* What is required: Your answer is to be the exact text of the lines from the one containing "賀!本院榮獲「糖尿病照護機構品質評鑑」雙金獎肯定" through the final line of the entries, restated in full, with pictures omitted.

Available data: Begin

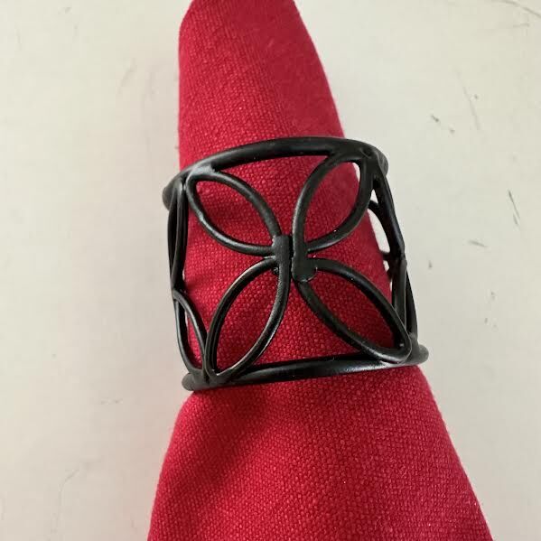 VenmoNapkin rings. Black metal. Set of 12. Petal design. Measures 1.5” H x 1.5” W. Total weight 1 lb. Excellent like new condition.
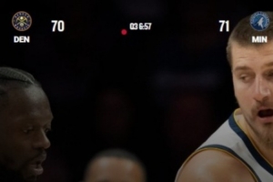 掘金客场123-112力克森林狼,比赛已经结束一个半小时,官网数据仍然停留在第三节。
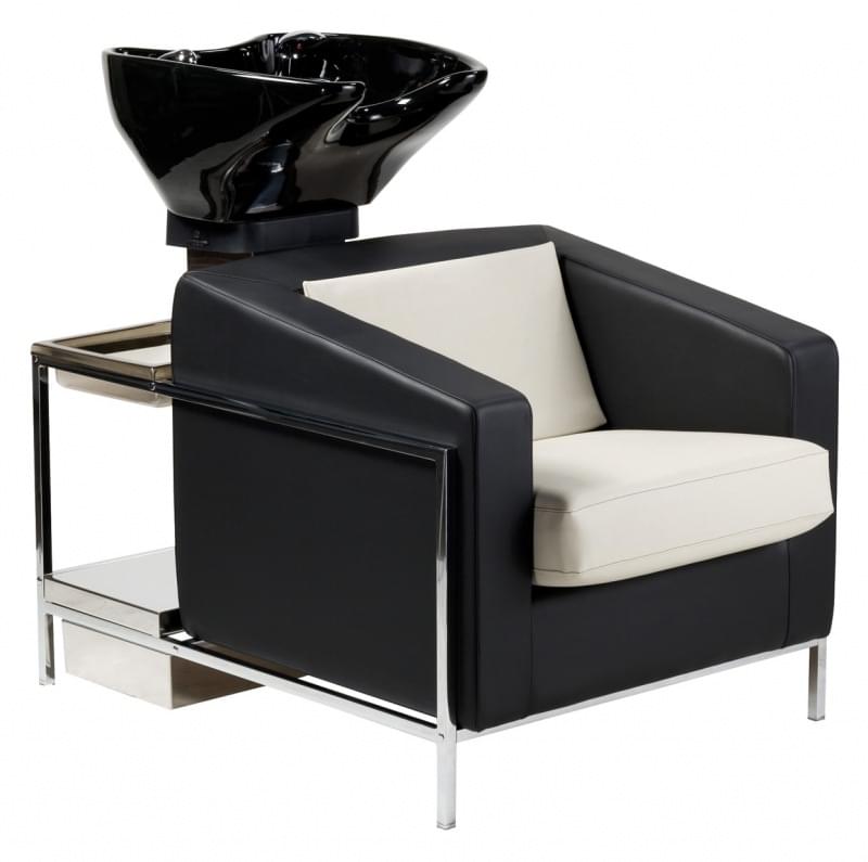 Мойка с креслом на алюминиевом каркасе по бокам имеются полочки. Комплектуется глубокой керамической раковиной белого или черного цвета, с регулировкой угла наклона, комплектом смесителя с хромированной лейкой душа. Кресло квадратной формы, мягкие элементы обтянуты искусственной кожей высшего качества, мягкие подлокотники.
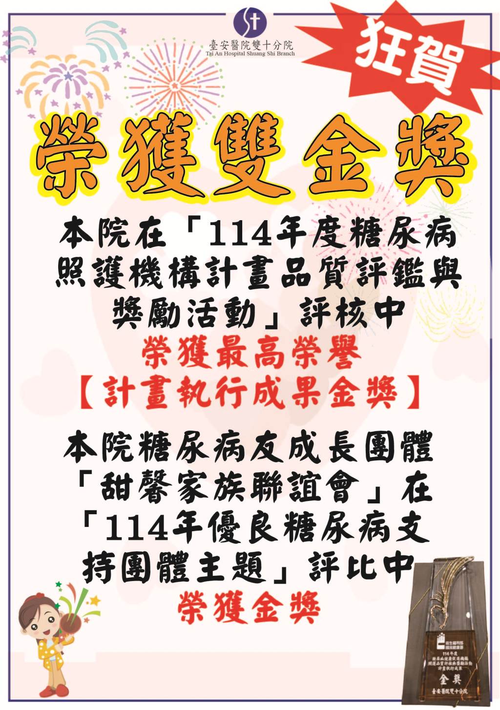賀!本院榮獲「糖尿病照護機構品質評鑑」雙金獎肯定
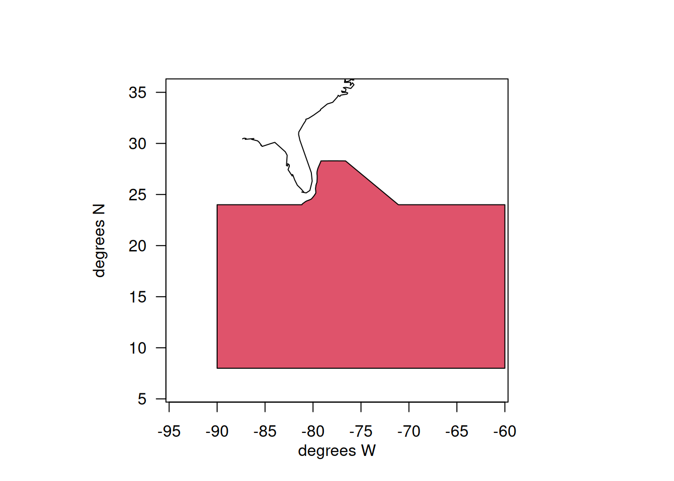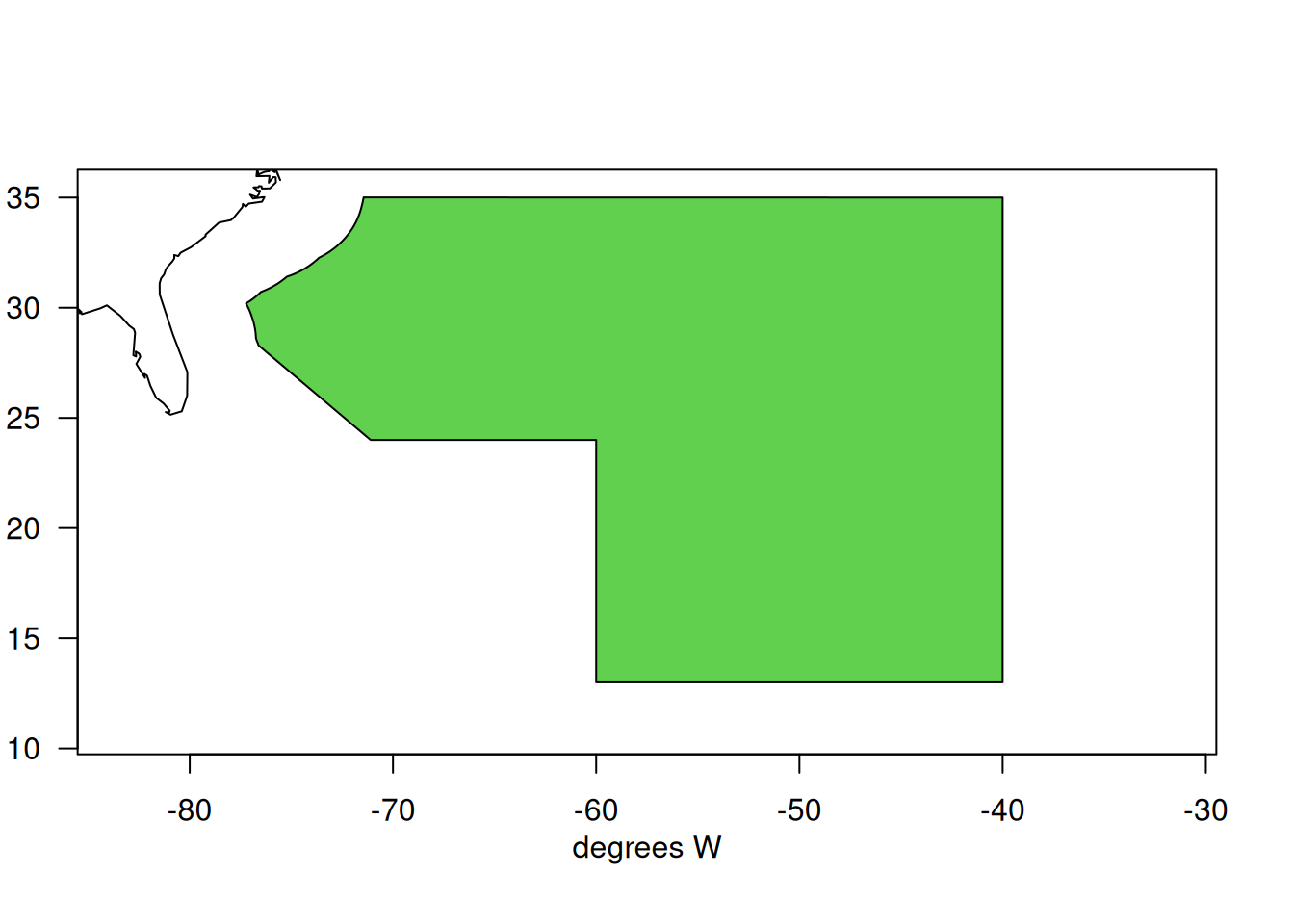nca1 <- cofin[569:1143, ] # subset points along EEZnca2 <-data.frame(cbind(c(-71.1, -60, -60, -40, -40), c(24, 24, 13, 13, 35))) # define boundaries according to FAOnames(nca2) <-c("X", "Y")NCA <-rbind(nca1, nca2)names(NCA) <-c("X", "Y")map(database ="usa", xlim =c(-85, -30), ylim =c(10, 36)) mtext(side =1, "degrees W", line =2); mtext(side =2, "degrees N", line =3)axis(1); axis(2, las =2); box()polygon(NCA$X, NCA$Y, col =3)
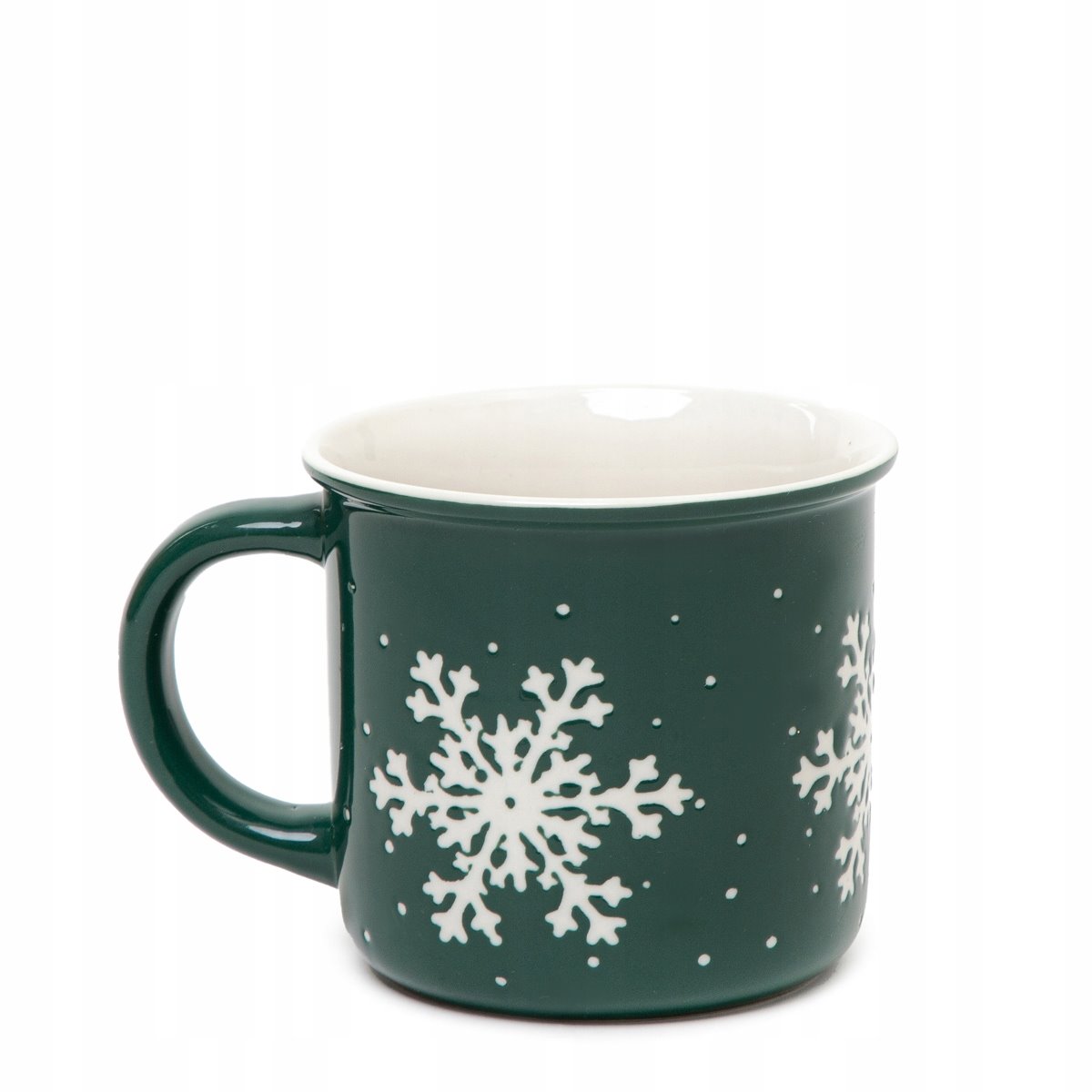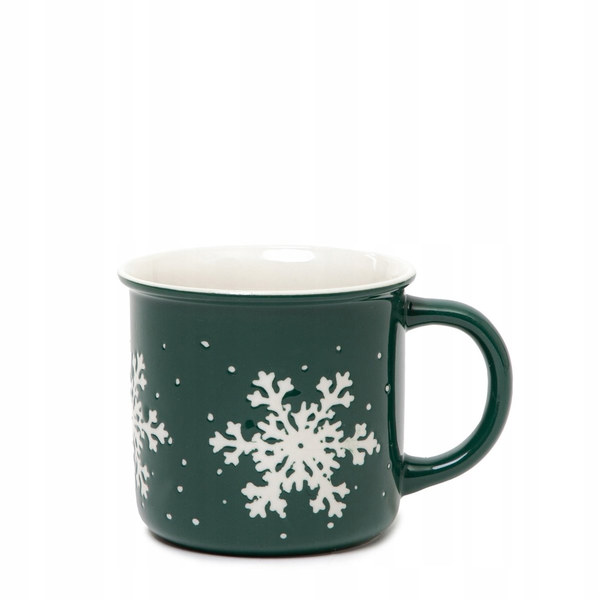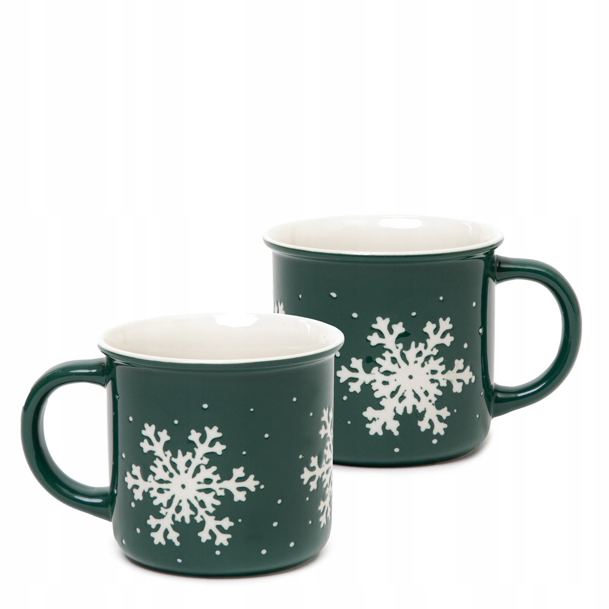 Komplet dwóch kubków TRINKIE zachwycają swoim minimalistycznym designem. Butelkowa zieleń stanowi jednolite tło, pod piękny wzór białej śnieżynki. Od wewnątrz, kubki pomalowano na jasny kolor, co doskonale współgra z całą kompozycją. Ich podstawę oparto na bazie koła, od którego wychodzą proste ścianki.
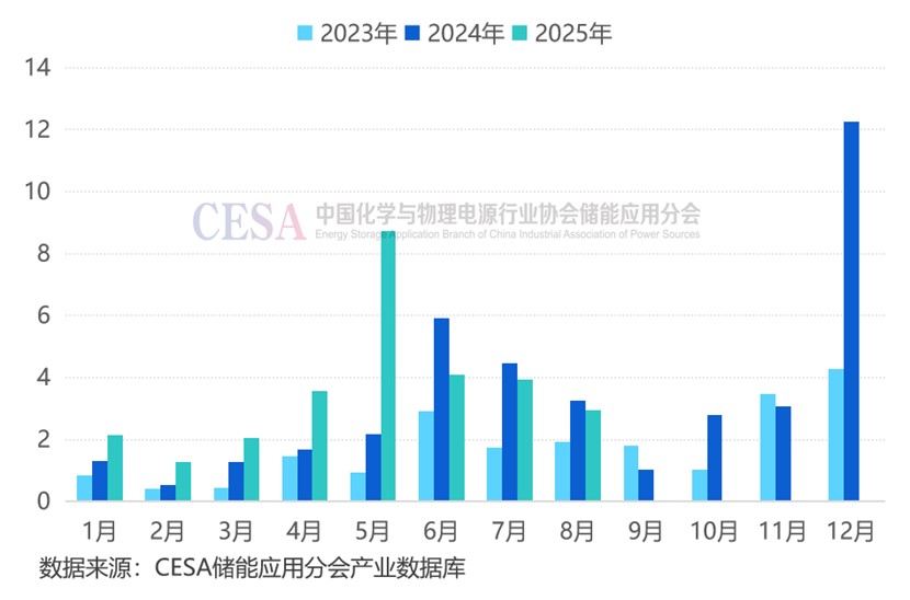 圖 2023-2025年8月中國新型儲能月度新增裝機(jī)

Available data: End

* Result of this exercise:
賀!本院榮獲「糖尿病照護機構品質評鑑」雙金獎肯定
nca1 <- cofin[569:1143, ] # subset points along EEZnca2 <-data.frame(cbind(c(-71.1, -60, -60, -40, -40), c(24, 24, 13, 13, 35))) # define boundaries according to FAOnames(nca2) <-c("X", "Y")NCA <-rbind(nca1, nca2)names(NCA) <-c("X", "Y")map(database ="usa", xlim =c(-85, -30), ylim =c(10, 36)) mtext(side =1, "degrees W", line =2); mtext(side =2, "degrees N", line =3)axis(1); axis(2, las =2); box()polygon(NCA$X, NCA$Y, col =3)
 Komplet dwóch kubków TRINKIE zachwycają swoim minimalistycznym designem. Butelkowa zieleń stanowi jednolite tło, pod piękny wzór białej śnieżynki. Od wewnątrz, kubki pomalowano na jasny kolor, co doskonale współgra z całą kompozycją. Ich podstawę oparto na bazie koła, od którego wychodzą proste ścianki.
 圖 2023-2025年8月中國新型儲能月度新增裝機(jī)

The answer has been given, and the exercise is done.